REPUBLIKA.CO.ID,LEBAK--Museum anti kolonial pertama di Indonesia, yakni Museum Multatuli di Kota Rangkasbitung, Kabupaten Lebak, Banten menjadi destinasi wisata pendidikan yang makin digemari wisatawan. Hal ini dapat dilihat dari dari data jumlah pengunjung pada tahun lalu yang jauh melampaui target sebelumnya 30 ribu orang, ternyata realisasinya justru sebanyak 71.982 orang.
Kepala Museum Multatuli Ubaidillah Muchtar menuturkan, banyaknya jumlah kunjungan ke museum merupakan hal yang di luar perkiraannya. Ia berharap agar masyarakat semakin paham dengan tujuan pembangunan museum yang ingin menyajikan informasi lengkap terkait sejarah Lebak hingga daerah di Banten secara keseluruhan.
"Kami optimis museum ini pelan-pelan akan diterima masyarakat dan pro kontra terkait museum yang sebenarnya tidak hendak mengkultuskan Multatuli secara individu akan pelan-pelan hilang. Tujuan museum ini sebenarnya hendak menyajikan sejarah Banten, sejarah Lebak, sejarah Rangkasbitung untuk masyarakat, walaupun tentunya ada sejarah Multatuli yang disajikan," jelas pria yang biasa dipanggil Kang Ubai ini, Senin (10/2).

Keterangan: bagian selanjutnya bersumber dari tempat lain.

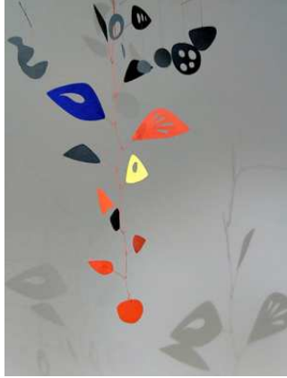
صورة (١٠٨) ألكسندر كالدر . الزهور المتتالة ، ١٩٤٩م ، نحاس

أساليب جديدة للنحات فى إبداع أشكال نحتية تنوعت فيها الصياغات التشكيلية. وهذا يبين أن الفنانين اعتادوا على أن ينتجوا أعمالهم طبقا للمفاهيم السائدة فى عصرهم، ويربطون بين الحدث الفني والآراء والقيم التي يحملها، ويعد هذا إسهاما منهم تجاه الحياة العصرية فى تمثيل القيم الإنسانية.
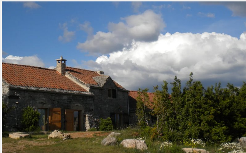
Crédit : Vue extérieure gîte de Loulette
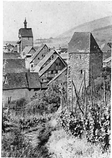
Riquewihr, le plus médiéval et le mieux conservé de tous les villages d'Alsace, est encore enfermé dans ses remparts depuis le XVII e siècle.
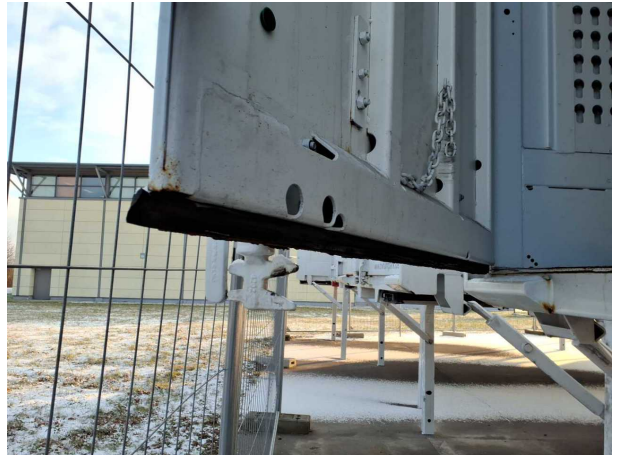
Beschädigung 1: Heckklappe/-tür: Hecktür links - Korrosion - instandsetzen und lackieren
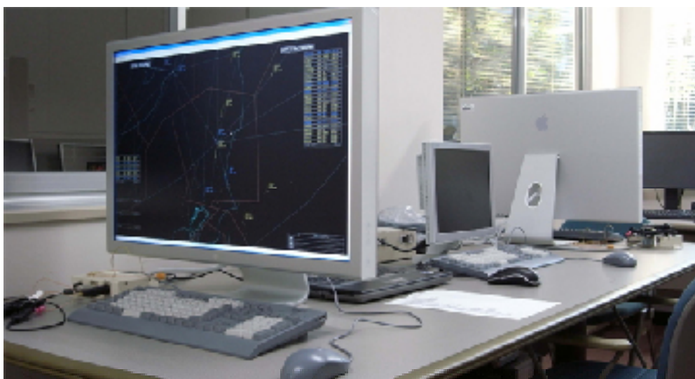
図 2 CPDLC 機能評価用航空路管制シミュレータの概観（手前が管制卓ディスプレイ）

最小限の機能にとどめた。図 3 に管制指示の一つである高度変更指示の CPDLC メッセージの入力手順を示す。

Demi mencapai jumlah kunjungan 70 ribu orang dalam satu tahun, Ubai mengatakan berbagai program telah dilakukan pihaknya. Program seperti lecture atau kajian bulanan tentang sejarah atau berbagai topik menarik menjadi kegiatan rutin yang disebutnya cukup digemari masyarakat. "Karena 70 ribu itu bukan hanya hitungan pengunjung masuk museum, tapi juga yang mengikuti lecture dan undangan ke sekolah-sekolah binaan. Kita ada tujuh wilayah binaan, kita undang dari siswa SD, SMP dan SMA," jelasnya.
Program festival seni multatuli juga disebutnya menjadi program yang sukses mendongkrak jumlah pengunjung multatuli. Festival yang menghadirkan berbagai event dan perlombaan selama tujuh hari ini berdampak besar kepada jumlah pengunjung museum, kegiatan yang sama juga akan dilakukan tahun 2020 ini.
"Maret itu bertepatan dengan dua tahun museum dan 200 tahun Multatuli. Rencananya akan kita adakan serial lecture dan program publik lomba pelajar tingkat SMP dan SMA seperti lomba pidato dan menulis resensi,"jelasnya.
Ubai juga menyebut koleksi museum akan terus ditambah, koleksi seperti surat Multatuli yang telah didigitalisasi saat ini menjadi barang terbaru museum. "Koleksi terbaru ada surat Multatuli yang sudah didigitalisasi dan bisa dilihat di dalam tablet yang ada di museum. Kami juga memperbesar caption atau tulisan di museum agar lebih mudah dibaca," tuturnya.
Sementara itu Bupati Lebak Iti Octavia Jayabaya mengatakan museum ini memang menjadi salah satu destinasi favorit bagi wisatawan saat berkunjung ke Lebak. Letaknya yang dekat dengan Puspemkab lebak dan tidak jauh dari stasiun cukup mempermudah akses ke museum.
Narasi sejarah Multatuli juga diharapkannya akan memberikan dampak positif bagi masyarakat secara umum atau pengunjung museum. Tujuan pendirian museum yang menurutnya sebagai fasilitas untuk memupuk semangat antikolonialisme adalah hal yang memang harus dipelajari.
"Setiap kita berpegang kepada spirit yang sama soal perjuangan melawan ketertinggalan, kemiskinan, dan kebodohan maka setiap dari kita dapat menjadi Multatuli di era kekinian," tutur Bupati Lebak.
Adanya museum hingga festival seni muktatuli yang digelar beberapa waktu lalu disebutnya menjadi media pembelajaran masyarakat. "Harapannya agar lentera api semangat perlawanan terhadap ketertinggalan, kemiskinan, dan kebodohan tetap akan terus menyala melewati setiap zamannya, serta menjadi kesadaran kolektif semua pemangku kepentingan," katanya.